The Internet brings us access to multimedia databases with billions of objects. The massive change in the amount of data available to researchers is changing the face of multimedia. In many domains, speech-recognition is most notable, people have observed that the best way to improve their algorithm’s performance is to add more data. Starting with hidden-Markov models (HMMs) and support-vector machines, people have applied ever greater amounts of data to their problems and been rewarded with new levels of performance.
What are the new algorithms and ideas that are necessary to work with such large databases of imagery, video, music, speech, and text? How do we define the scope of a problem, and how do we apply modern clusters of processors to these problems? What does it take to collect, manage and deliver solutions with millions of objects and petabytes of data?
In this tutorial we will present a range of algorithms and tools that make it easy/easier to scale our work to Internet-sized collections of multimedia. This tutorial will give attendees the tools they need to make use of large-scale datasets.The tutorial will start by providing attendees an overview and pointers to the tools that will allow them to scale their work to modern datasets. The tutorial discusses the theoretical and practical problem with large data, applications where large amounts of data are important to consider, types of algorithms that are practical with such large datasets, and examples of implementation techniques that make these algorithms practical. Many real-world examples and results illustrate the tutorial.
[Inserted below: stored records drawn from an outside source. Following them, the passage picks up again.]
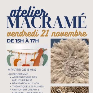 2025-11-21 15:00:002025-11-21 17:00:00Europe/ParisAtelier Macramé Reservations on : https://www.billetweb.fr/atelier-macrame36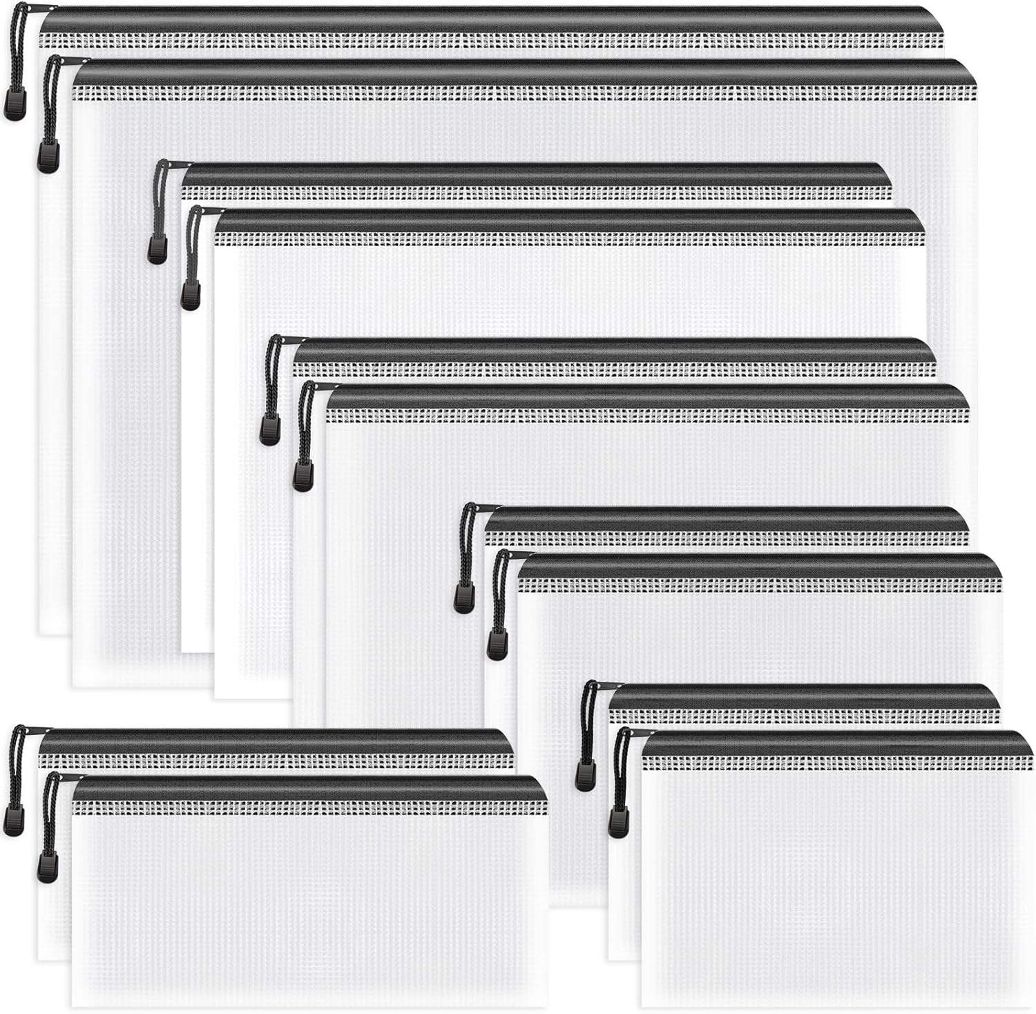 - Translucent Design: Package includes 12 black zipper bags. The translucent plastic zipper bag can prevent the privacy of important documents from leaking, but still can identify what the stuff in the bags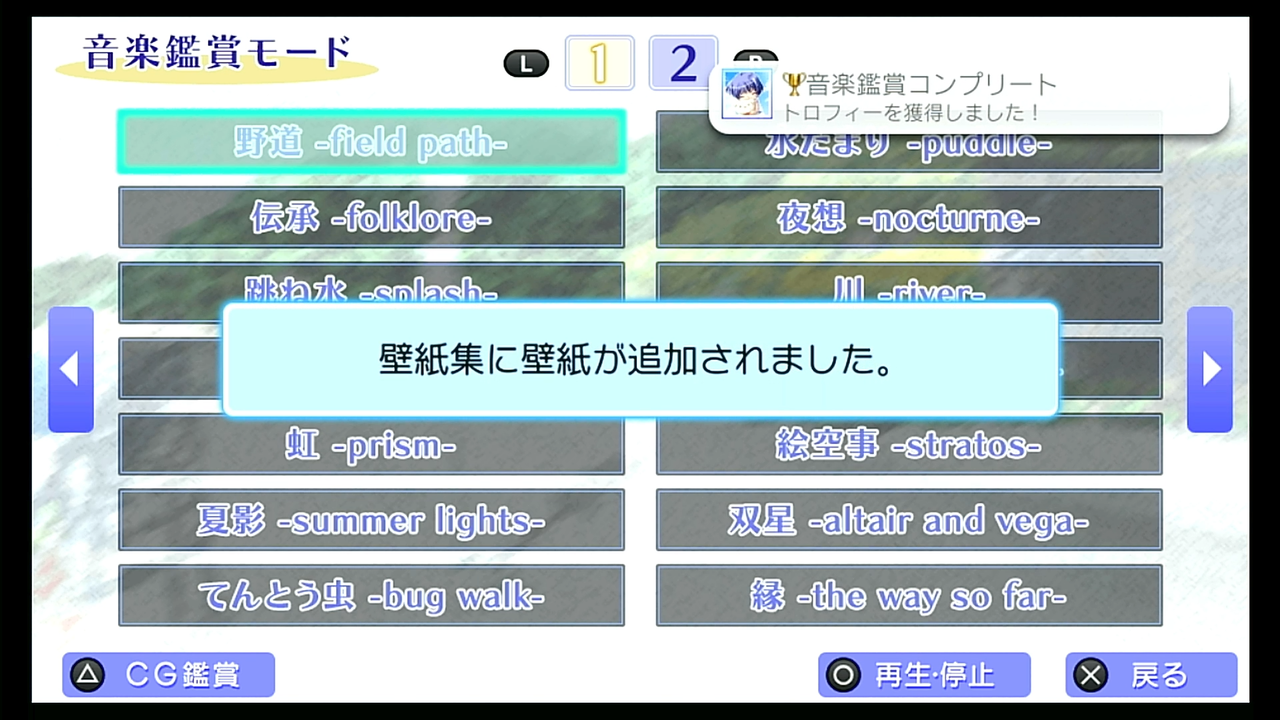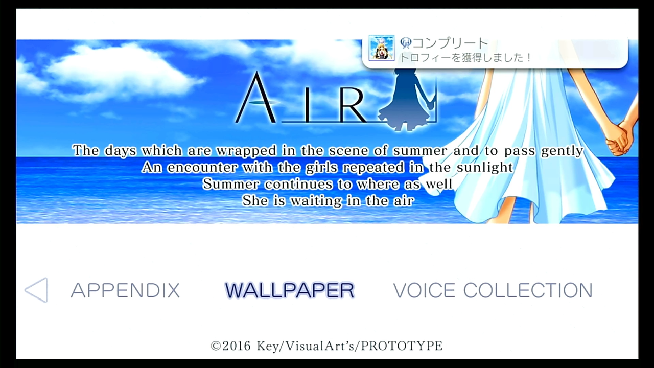 安定でKey作品は絵柄が人選ぶよなぁと思いながらも、内容よく分かってない状態でも聞いただけで涙出そうになる神BGMあってビビった。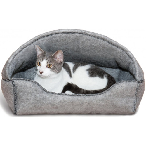 Лежак-домик KH Amazin Hooded — уютный дизайн с мягкими бортами и глубоким капюшоном, качественными материалами чехла и наполнителя, которые отлично сохраняют тепло, не сминаются при эксплуатации. Материал изделия притягивает шерсть и помогает оградить мебель и пол от ее присутствия, нейтральный серый цвет подойдет любому интерьеру, а возможность стирки обеспечит легкий ход.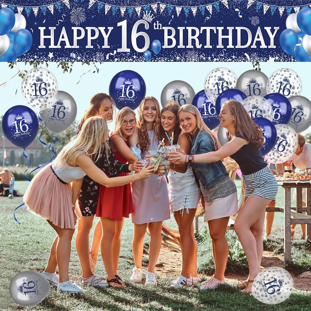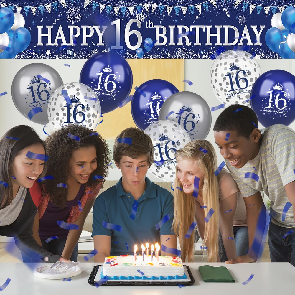 🥳【Perfect 16th Birthday Decorations for Boys Girls】The 16th birthday decoration for boys girls is featured with blue and silver elements, balloons of three types, they are blue and silver latex balloons and confetti balloons, decorate your party with our 16 birthday decorations that will be a big hit at your party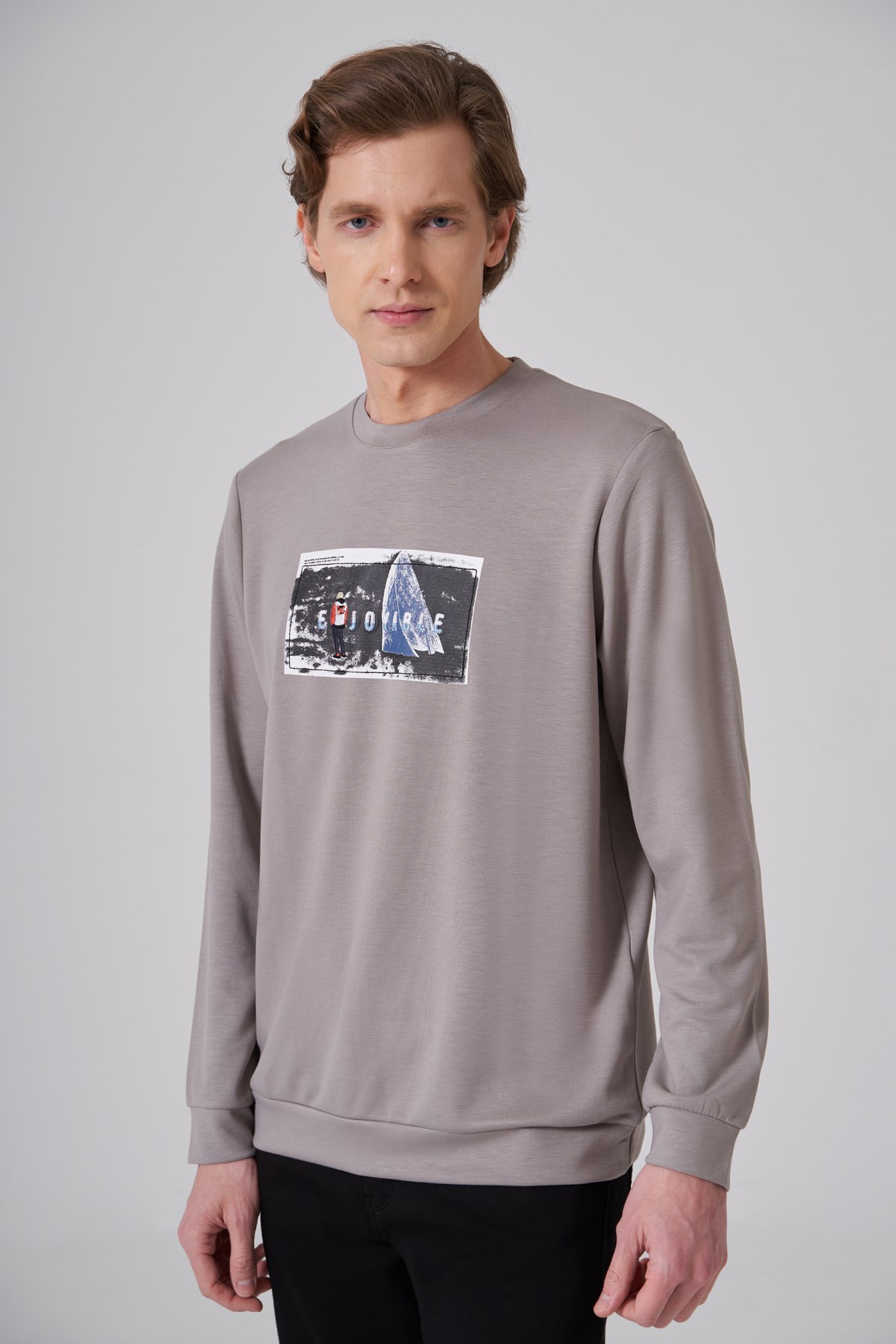 Morven Erkek Taş Trend Baskılı Bisiklet Yaka Sweat-Shirt (26KS063015870)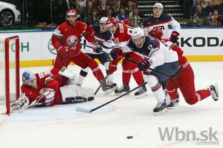Závar pred bránou Bielourska v zápase proti USA na MS v Minsku. Foto: SITA/AP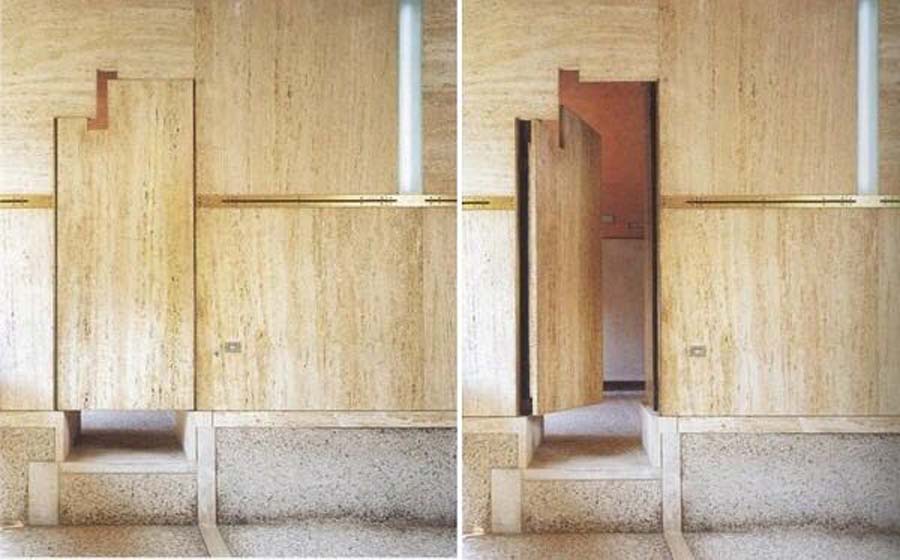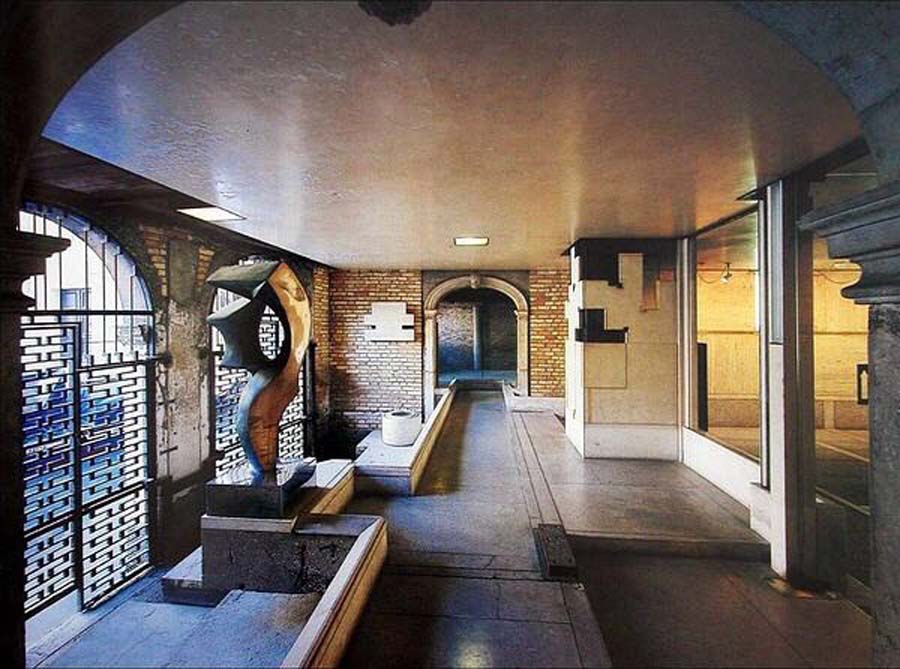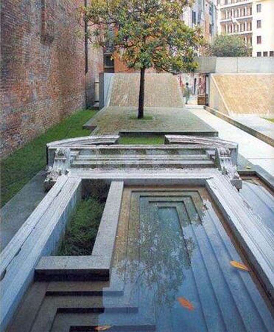 另外,威尼斯建筑学院校舍入口改造,对过程中出土的一个16世纪大门的处理也堪称神来之笔,斯卡帕摒弃了用作入口供师生出入的做法,而选择将这个门框当作水池使用,置于庭院之中,在其中设计曲折迂回的线脚。“层层塌陷的线角犹如历史之”古层“,同时恰好符合叠水跌落之势,季节不同,残骸底部时隐时现,形成遗迹旷古幽奥之感,犹如一位老人在讲解着历史现场,引起观者的驻足和凝思“。(本段部分文字来源,潘玥)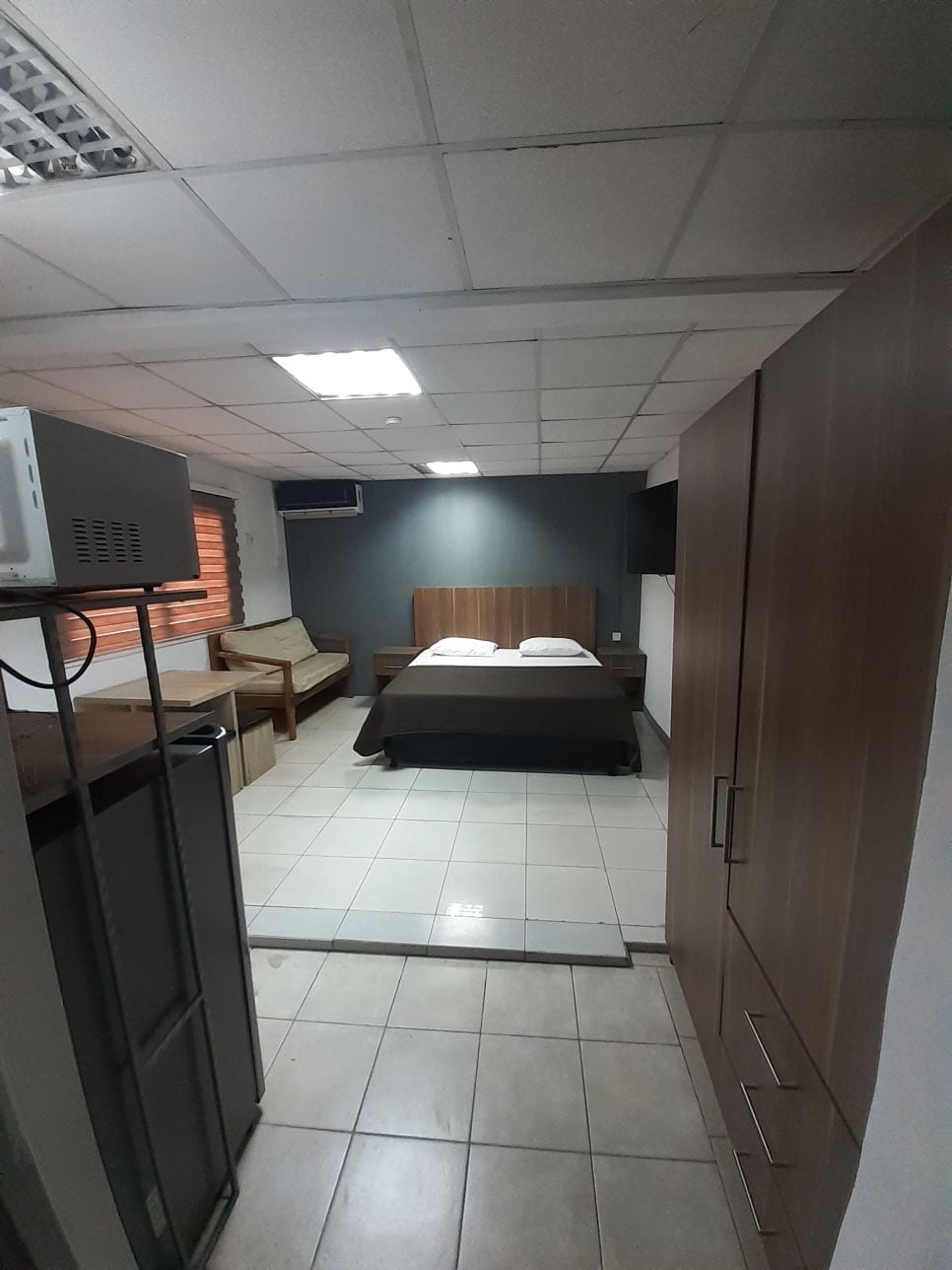 Keep it simple at this recently refurbished,sparkling clean and centrally-located place only 4mins away from Kotoka International Airport (KIA). The studio comes with: - Free & Fast Wifi (> 60Mbps) - Smart TV with Netflix & DSTV - A large comfy bed; fits 2 adults. - Exclusive access to rooftop pool -In-unit washer/Dryer - Free parking - Onsite Gym & Cafeteria - Private balcony with garden view - 24 hours security and CCTV - Personalized fingerprint security access to The Lennox development.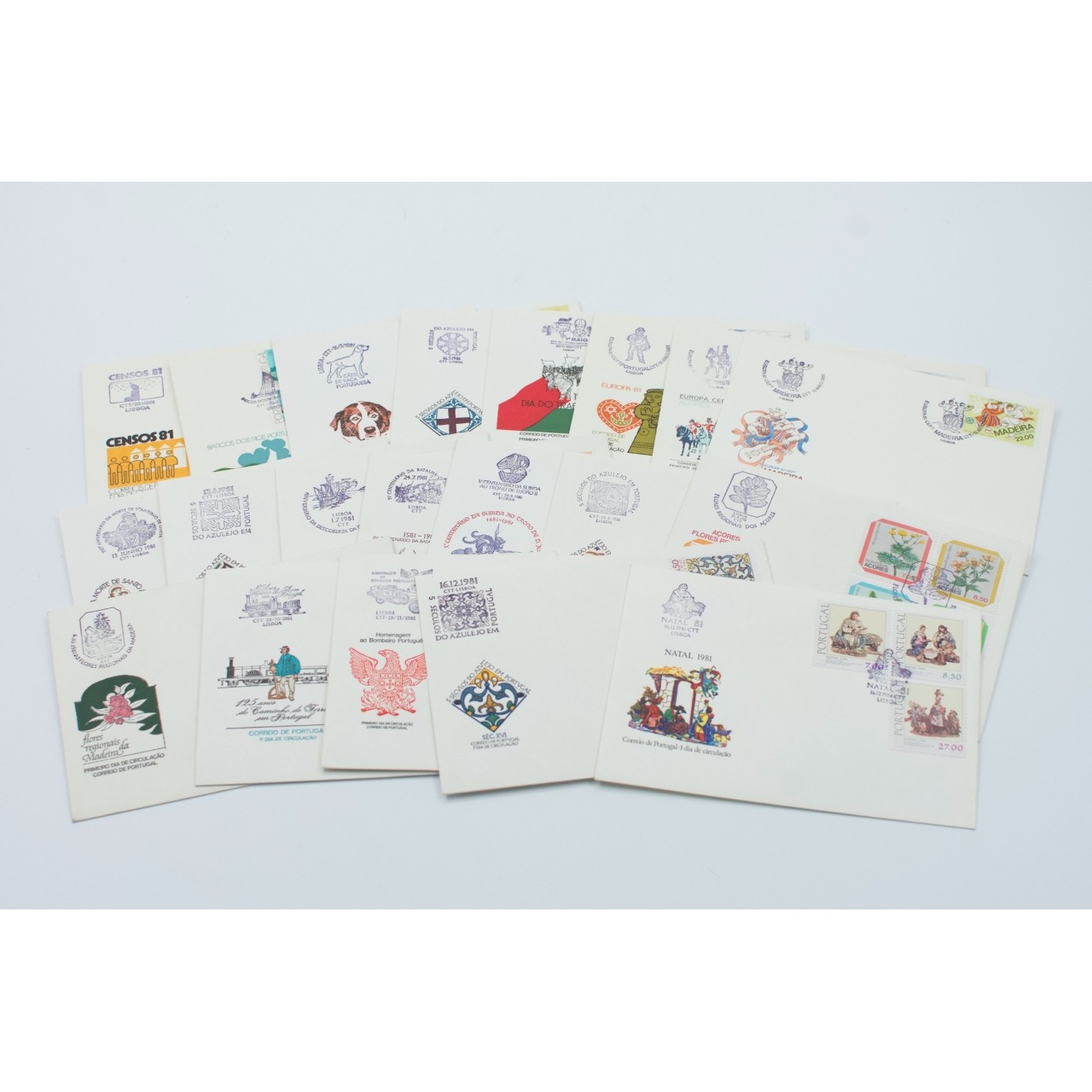 Coleção de 19 sobrescritos FDC, respetivos selos virgens e pagelas emitidos pelos CTT, relativamente ao ano de 2003, em excelentos condições e apresentados em album próprio. Valor aproximado do catálogo 200 €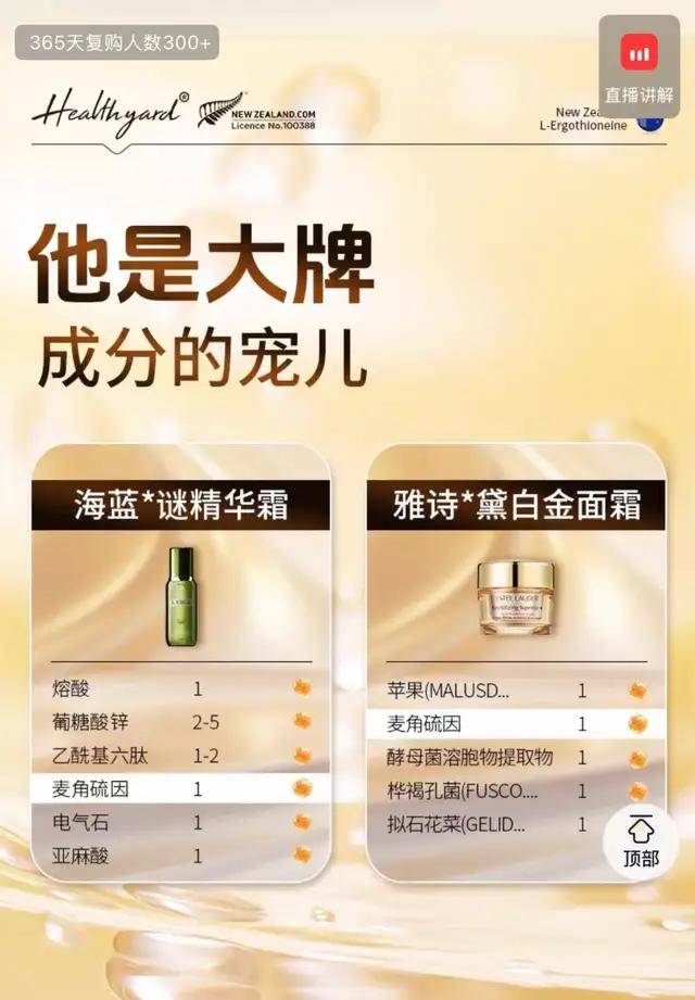 “研生之力的这个麦角硫因可以说是现在姐姐身边的娱乐圈、贵妇圈,最热门的成分”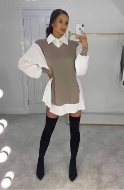 Linda Vestito Donna Camicione Colletto Fantasia Bicolore Bottoni Morbido Casual Elegante
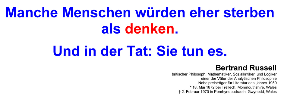 Dazu ein Spruch vom englischen Philophen Bertrand Russell, den ich sehr schätze:

More specifically, our tutorial is divided into four types of web-scale processing options: simplified algorithms, randomized algorithms, parallel algorithms and implementations. Web-scale multimedia has brought a resurgence of interest in simple algorithms that can work with large data. This includes streaming algorithms that do not try to operate on all the data at once, and decision trees that do not seek a global optimum. Randomized algorithms are important because our data is large and redundant. We can often choose random directions (from the data) and come close to an optimum solution. A new set of algorithms are useful on the large parallel clusters of machines that are now available. Rearranging an algorithm so that it can be run on parallel computers makes a big difference. Finally, a new set of implementation techniques, such as parallel file systems, noSQL databases and map/reduce, and MPI frameworks have made all these ideas realistic.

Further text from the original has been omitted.